▸ Task statement
For this exercise, copy all the data exactly and include none of the pictures.

▸ Dataset extract
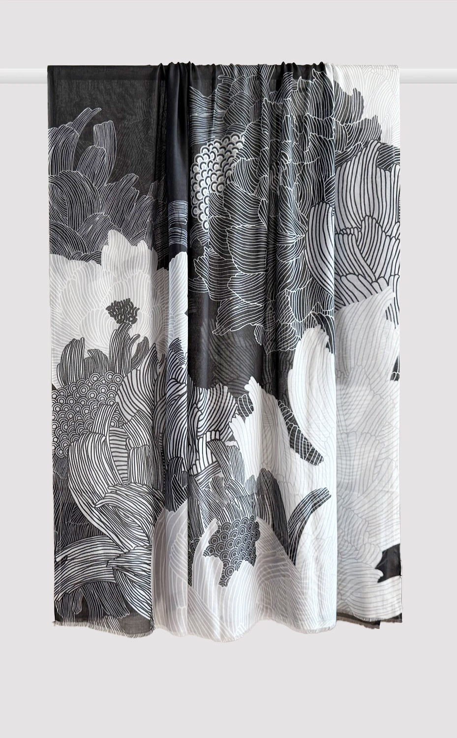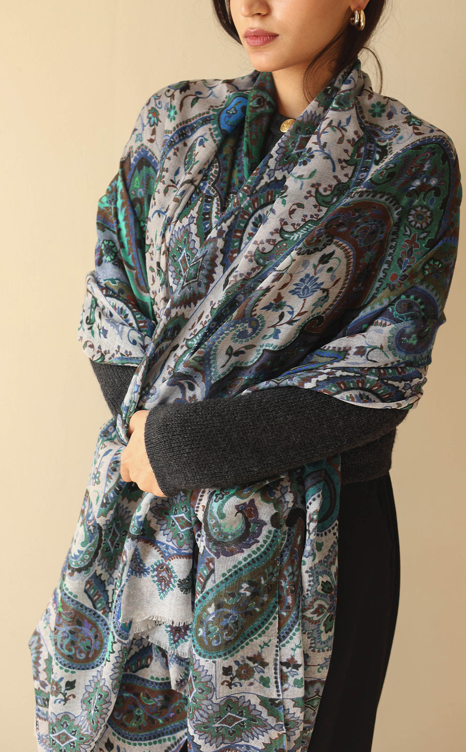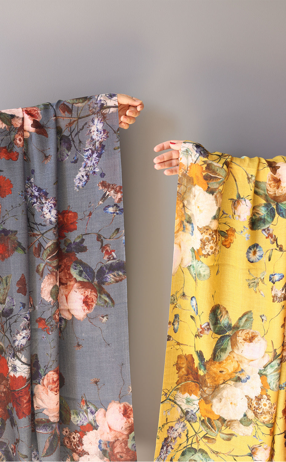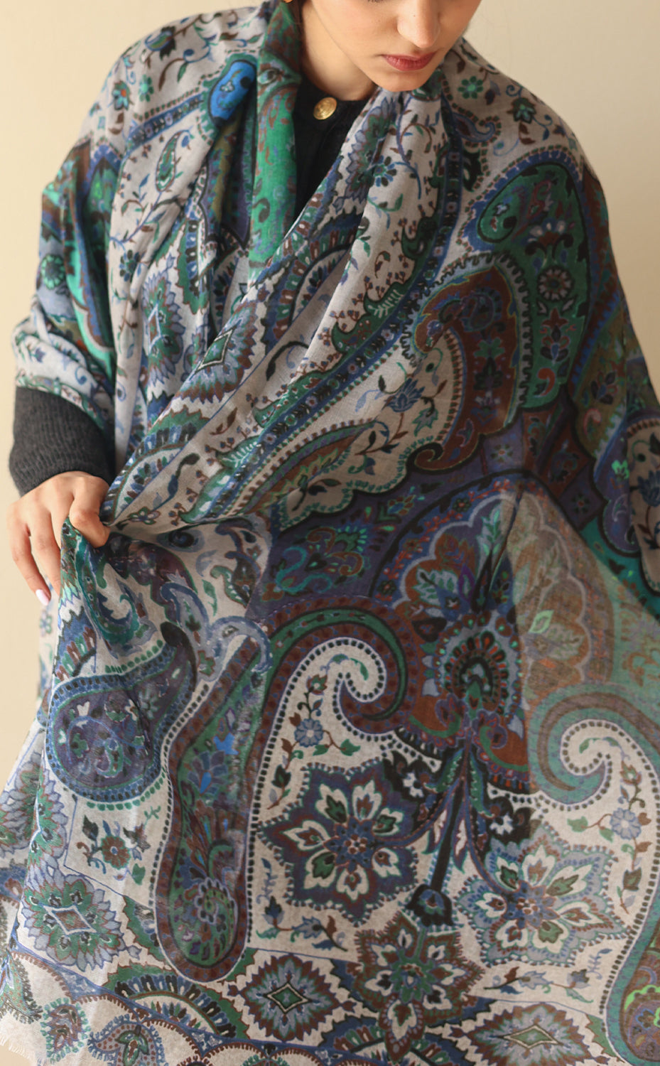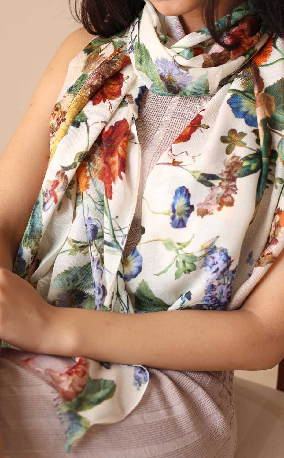 digitally printed rectangle foulards (stole oblong) in luxurious fabrics like silk wool, modal cashmere & modal silk.
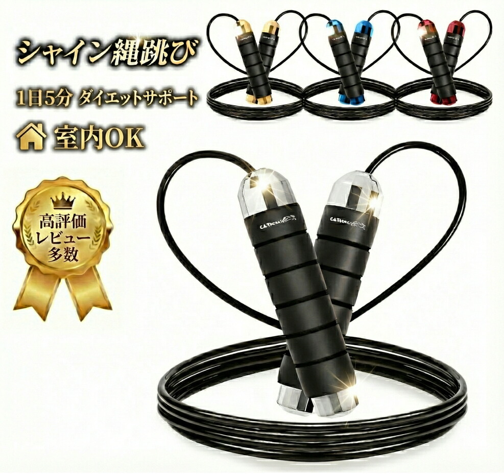 【累計販売数10万本突破】シャイン縄跳び 限定色 長さ調整 大人用 子供用 ワイヤーロープ 軽量 【メーカー30日保証付き】
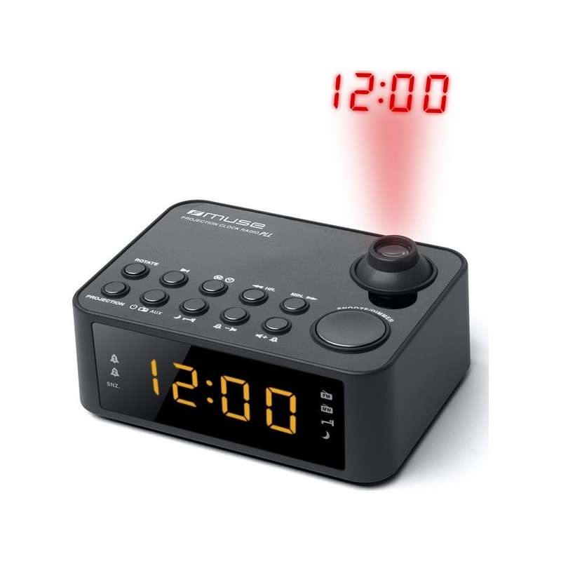 Projection de l'heure avec bouton Marche/Arrêt, angle réglable et rotation d'image. Radio PLL FM/MW avec stations préréglées. Horloge 24 heures. Réveil par radio ou buzzer. Fonctions répétition d'alarme, sommeil et sieste. Entrée auxiliaire (pour lecteur MP3). Dimension: 58mm (H) x 110mm (P) x 149mm (L).

▸ Solved exercise
 digitally printed rectangle foulards (stole oblong) in luxurious fabrics like silk wool, modal cashmere & modal silk.
 【累計販売数10万本突破】シャイン縄跳び 限定色 長さ調整 大人用 子供用 ワイヤーロープ 軽量 【メーカー30日保証付き】
 Projection de l'heure avec bouton Marche/Arrêt, angle réglable et rotation d'image. Radio PLL FM/MW avec stations préréglées. Horloge 24 heures. Réveil par radio ou buzzer. Fonctions répétition d'alarme, sommeil et sieste. Entrée auxiliaire (pour lecteur MP3). Dimension: 58mm (H) x 110mm (P) x 149mm (L).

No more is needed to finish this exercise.